The task. From the first line of the data through the line containing "April and May", transcribe each line exactly. Pictures do not belong in the copy.
[[ Record extracts, beginning ]]
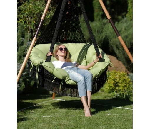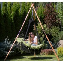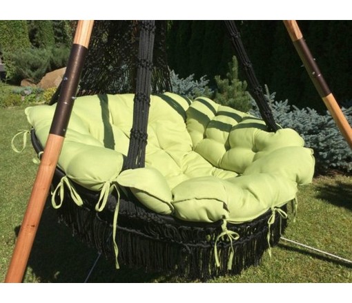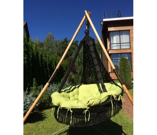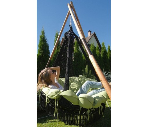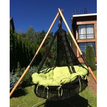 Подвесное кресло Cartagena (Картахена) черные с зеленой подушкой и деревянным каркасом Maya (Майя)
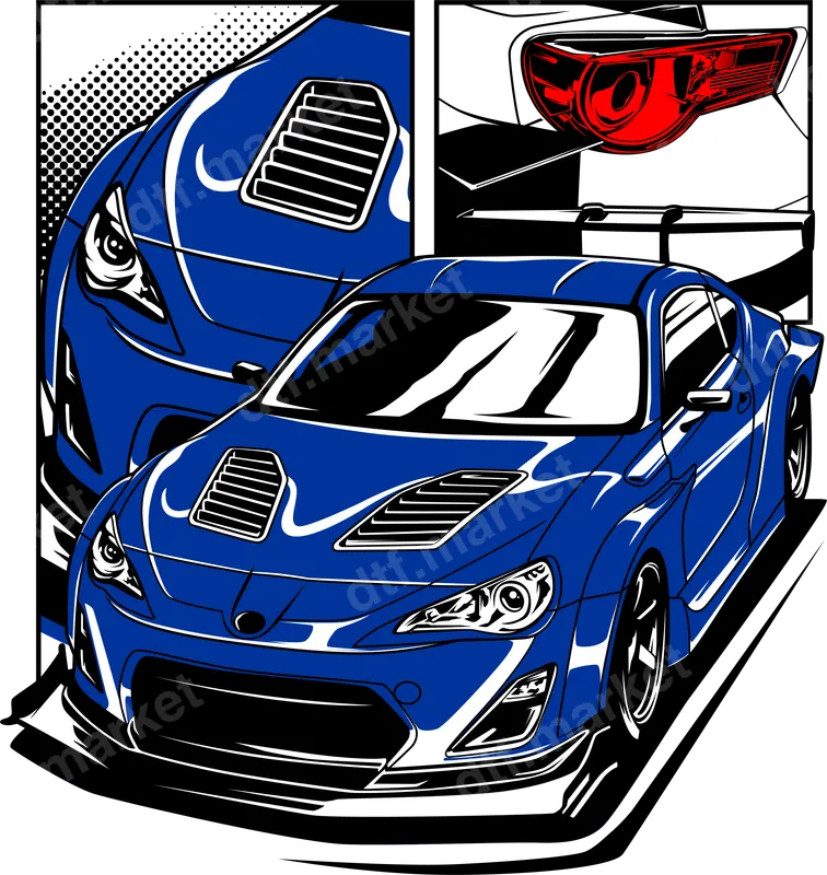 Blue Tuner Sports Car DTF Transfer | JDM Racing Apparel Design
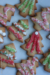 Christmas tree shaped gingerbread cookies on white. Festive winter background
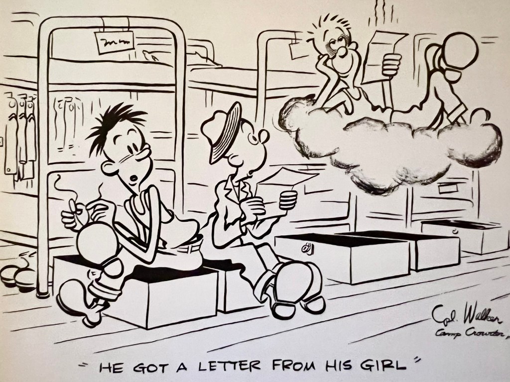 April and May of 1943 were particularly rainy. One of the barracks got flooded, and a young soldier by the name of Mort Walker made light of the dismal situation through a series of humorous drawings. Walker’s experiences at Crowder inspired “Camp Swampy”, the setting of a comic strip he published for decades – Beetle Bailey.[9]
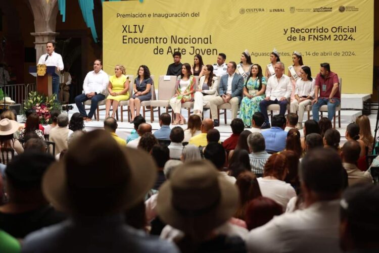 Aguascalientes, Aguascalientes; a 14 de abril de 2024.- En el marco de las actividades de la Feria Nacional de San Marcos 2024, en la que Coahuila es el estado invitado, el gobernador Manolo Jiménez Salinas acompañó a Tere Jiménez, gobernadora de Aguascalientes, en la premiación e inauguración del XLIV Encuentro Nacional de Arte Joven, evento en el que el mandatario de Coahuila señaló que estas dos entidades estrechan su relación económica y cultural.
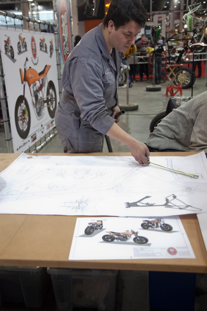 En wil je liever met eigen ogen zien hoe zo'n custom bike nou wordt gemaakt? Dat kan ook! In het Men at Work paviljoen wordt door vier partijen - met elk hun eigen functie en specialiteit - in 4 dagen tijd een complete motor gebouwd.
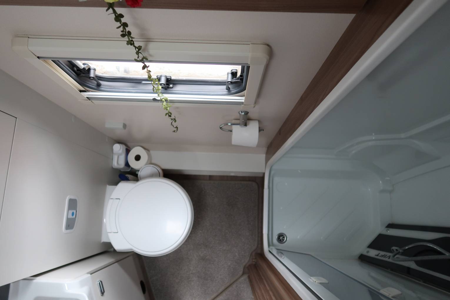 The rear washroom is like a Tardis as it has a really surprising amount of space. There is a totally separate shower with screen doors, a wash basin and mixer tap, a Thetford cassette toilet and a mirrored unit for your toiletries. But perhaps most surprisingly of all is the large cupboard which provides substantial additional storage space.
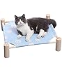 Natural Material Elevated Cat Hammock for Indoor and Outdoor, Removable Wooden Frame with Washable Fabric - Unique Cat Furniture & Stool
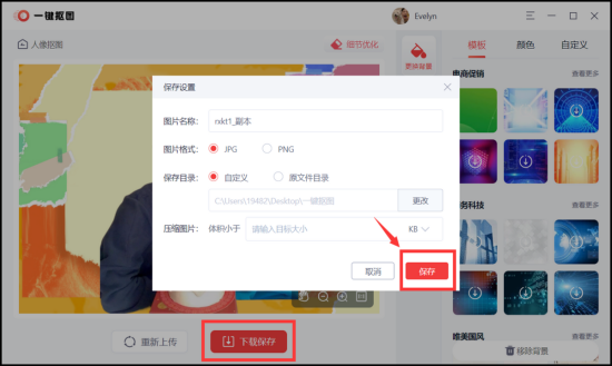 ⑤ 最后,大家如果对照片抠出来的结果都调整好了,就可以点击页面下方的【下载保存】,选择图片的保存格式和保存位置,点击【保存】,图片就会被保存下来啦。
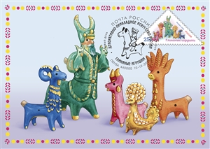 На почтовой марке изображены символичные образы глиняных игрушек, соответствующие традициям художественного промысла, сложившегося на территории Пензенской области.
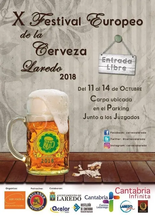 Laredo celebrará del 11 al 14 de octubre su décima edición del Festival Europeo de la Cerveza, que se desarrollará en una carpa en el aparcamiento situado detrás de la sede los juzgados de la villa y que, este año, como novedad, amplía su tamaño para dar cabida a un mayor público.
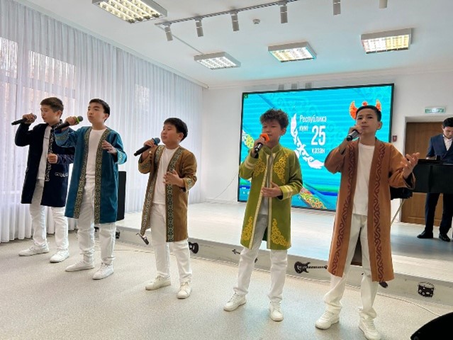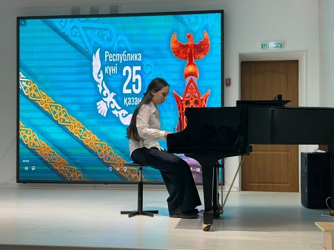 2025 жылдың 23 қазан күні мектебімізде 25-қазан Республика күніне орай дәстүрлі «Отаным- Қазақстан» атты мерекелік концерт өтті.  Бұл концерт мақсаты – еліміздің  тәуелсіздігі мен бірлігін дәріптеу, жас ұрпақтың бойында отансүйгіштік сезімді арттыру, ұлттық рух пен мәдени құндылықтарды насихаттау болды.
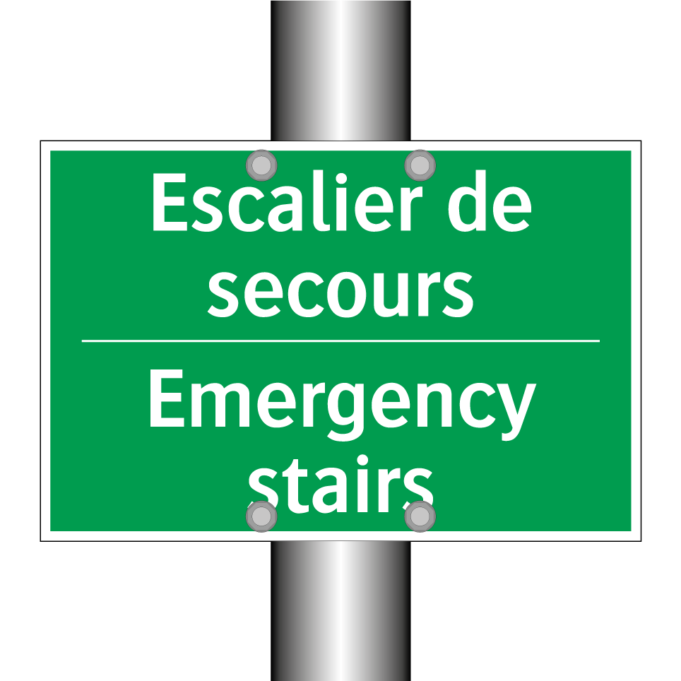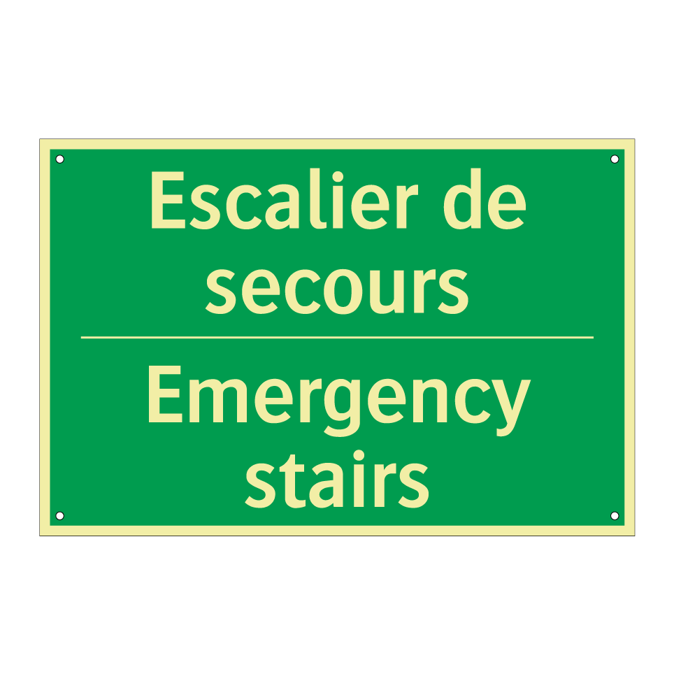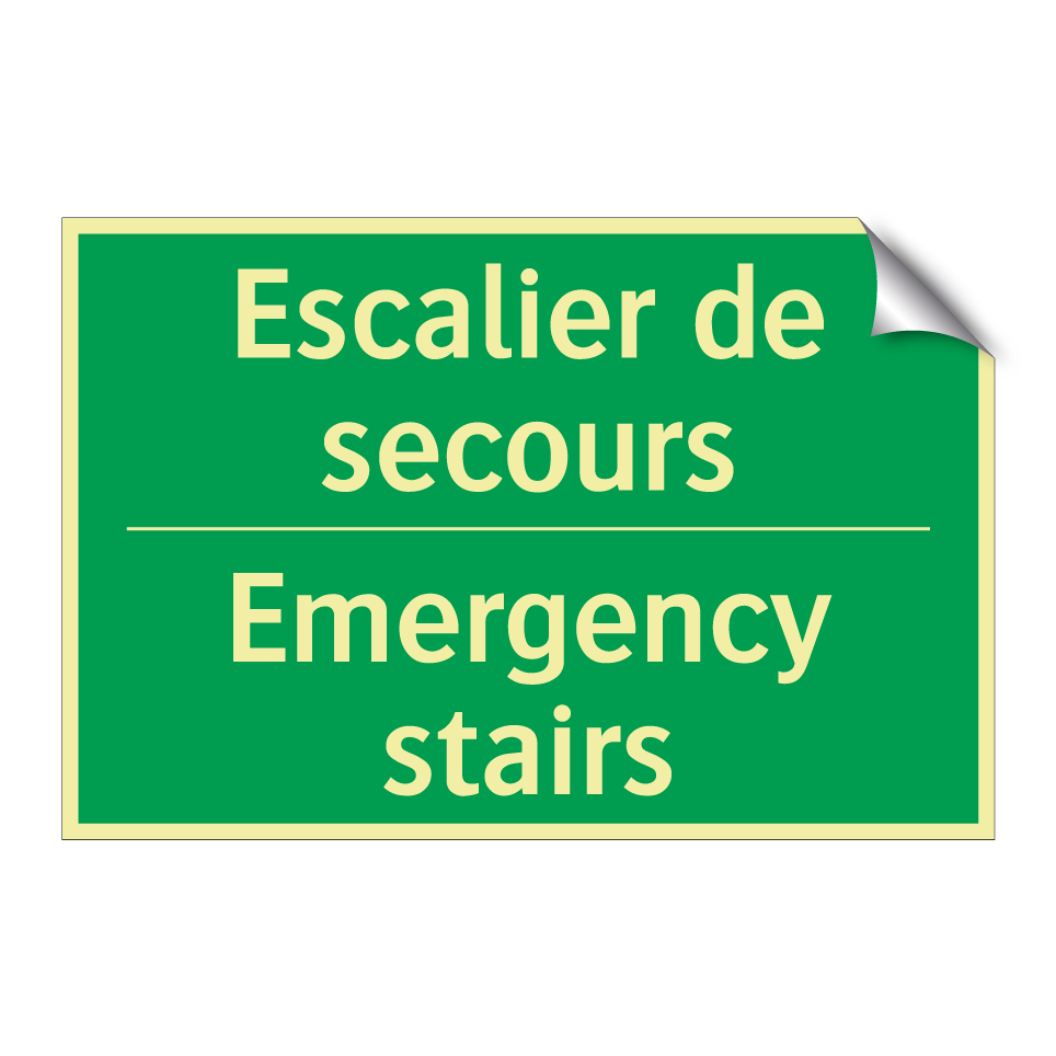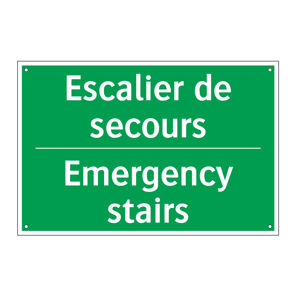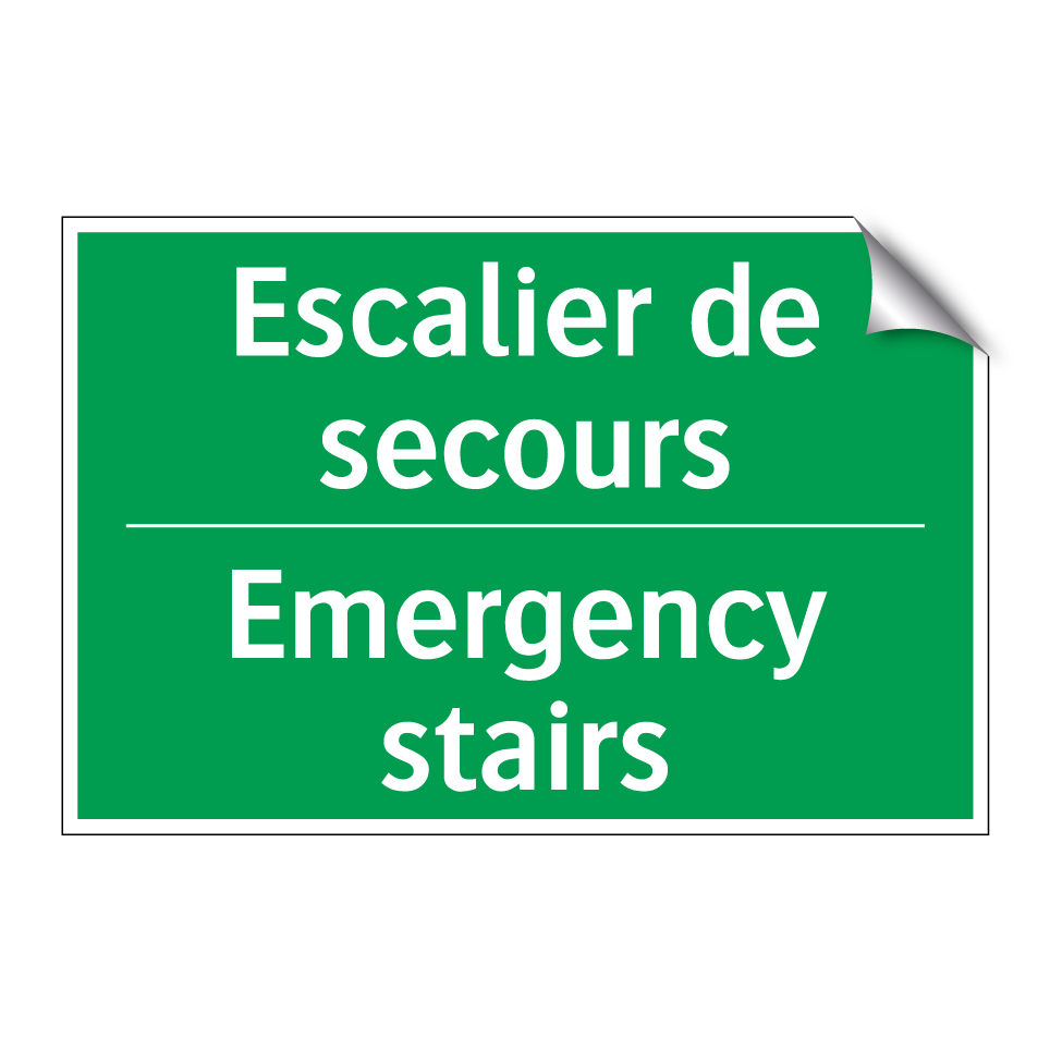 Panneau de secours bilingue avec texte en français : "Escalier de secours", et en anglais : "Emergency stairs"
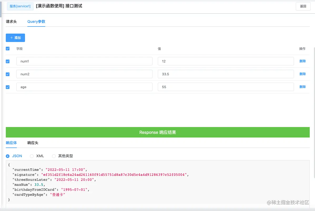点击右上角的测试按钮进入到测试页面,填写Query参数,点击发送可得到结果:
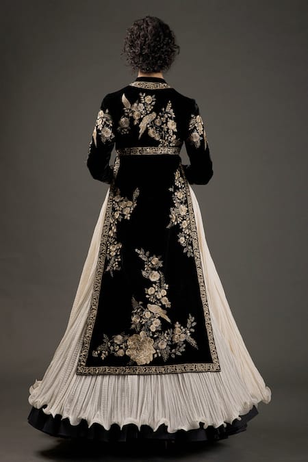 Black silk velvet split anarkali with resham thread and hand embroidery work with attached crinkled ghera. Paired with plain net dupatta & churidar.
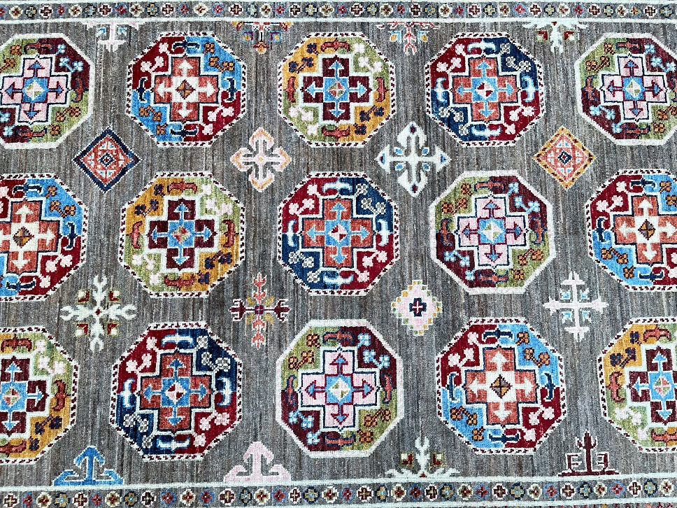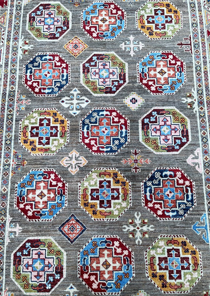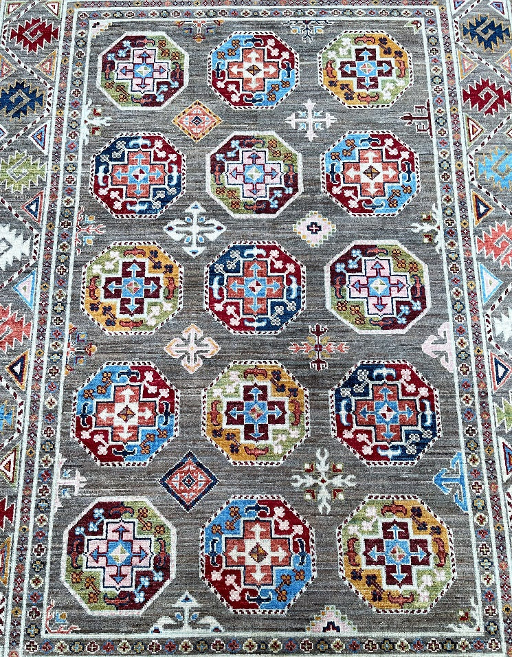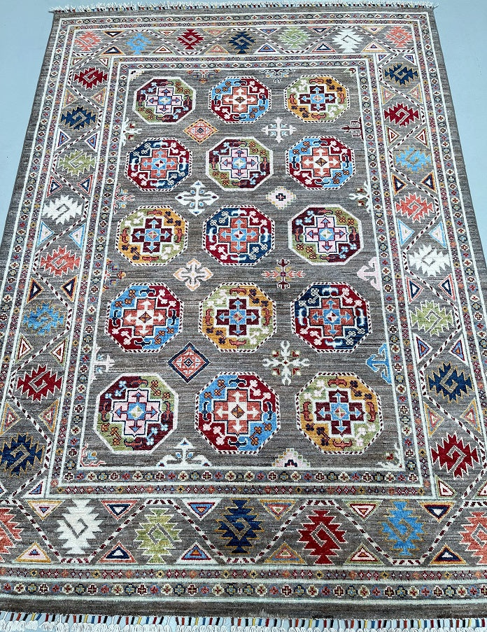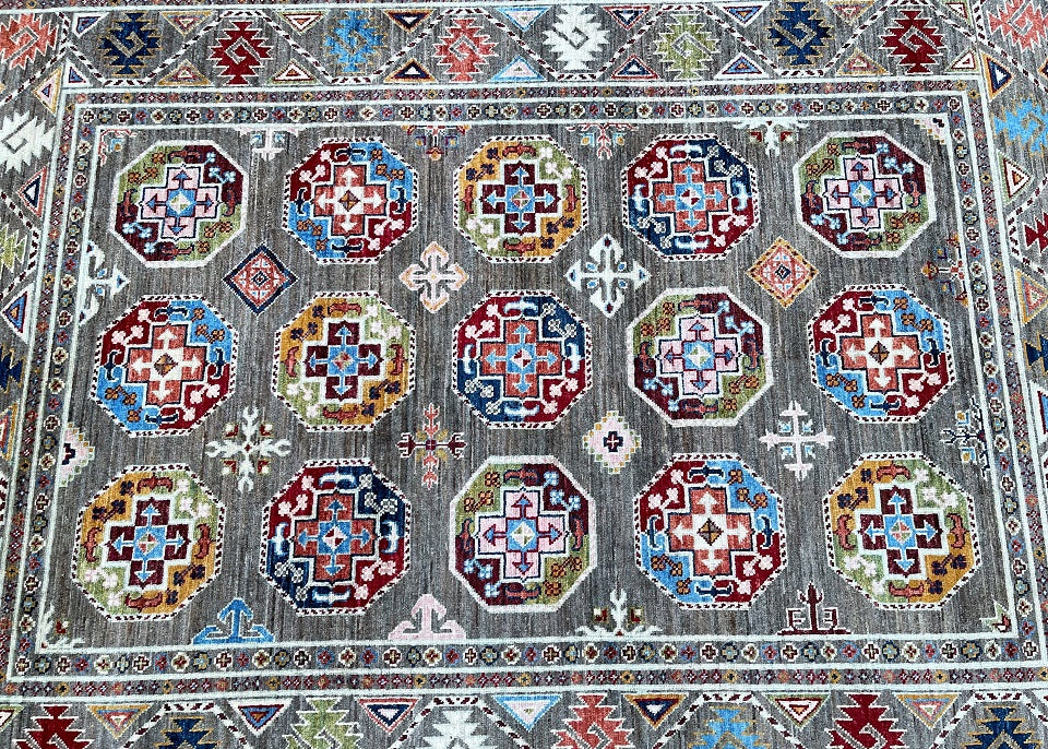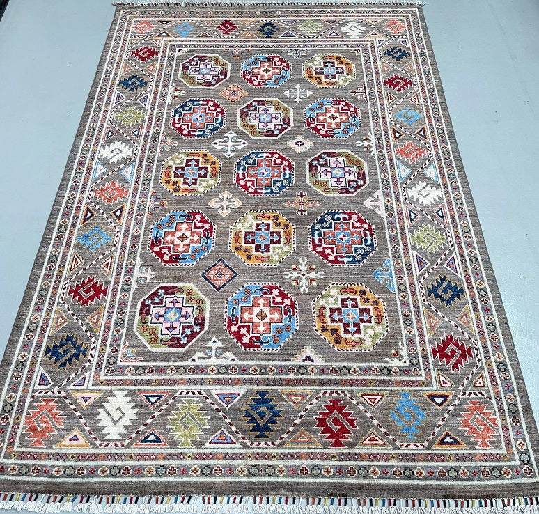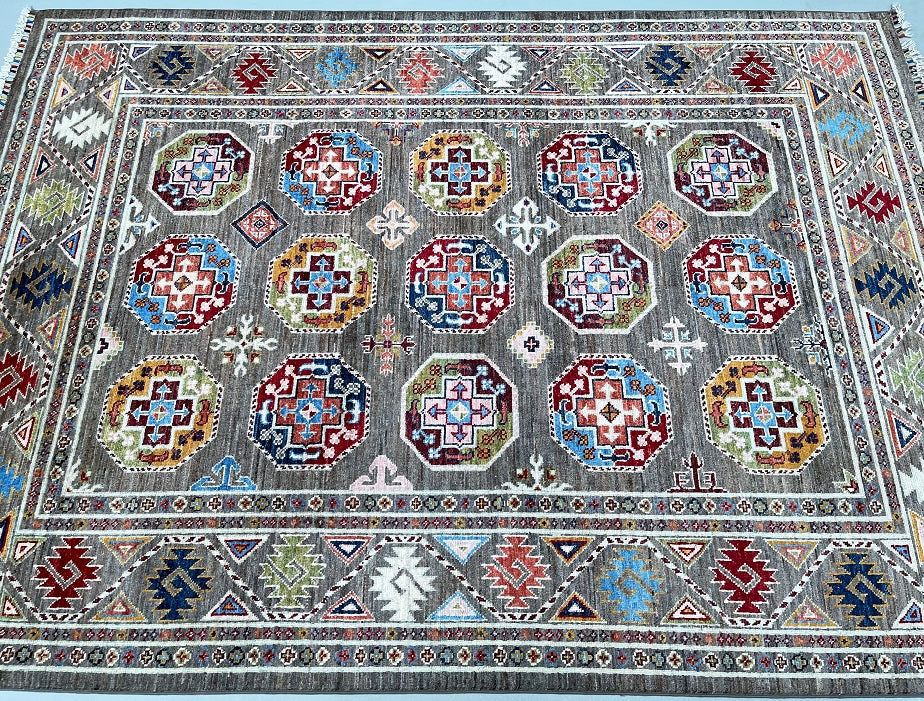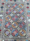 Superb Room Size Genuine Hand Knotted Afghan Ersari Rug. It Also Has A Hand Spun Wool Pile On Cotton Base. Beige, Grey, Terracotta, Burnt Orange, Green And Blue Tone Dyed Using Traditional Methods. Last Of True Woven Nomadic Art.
[[ Record extracts, end ]]
Solution for this task.
 Подвесное кресло Cartagena (Картахена) черные с зеленой подушкой и деревянным каркасом Maya (Майя)
 Blue Tuner Sports Car DTF Transfer | JDM Racing Apparel Design
 Christmas tree shaped gingerbread cookies on white. Festive winter background
 April and May of 1943 were particularly rainy. One of the barracks got flooded, and a young soldier by the name of Mort Walker made light of the dismal situation through a series of humorous drawings. Walker’s experiences at Crowder inspired “Camp Swampy”, the setting of a comic strip he published for decades – Beetle Bailey.[9]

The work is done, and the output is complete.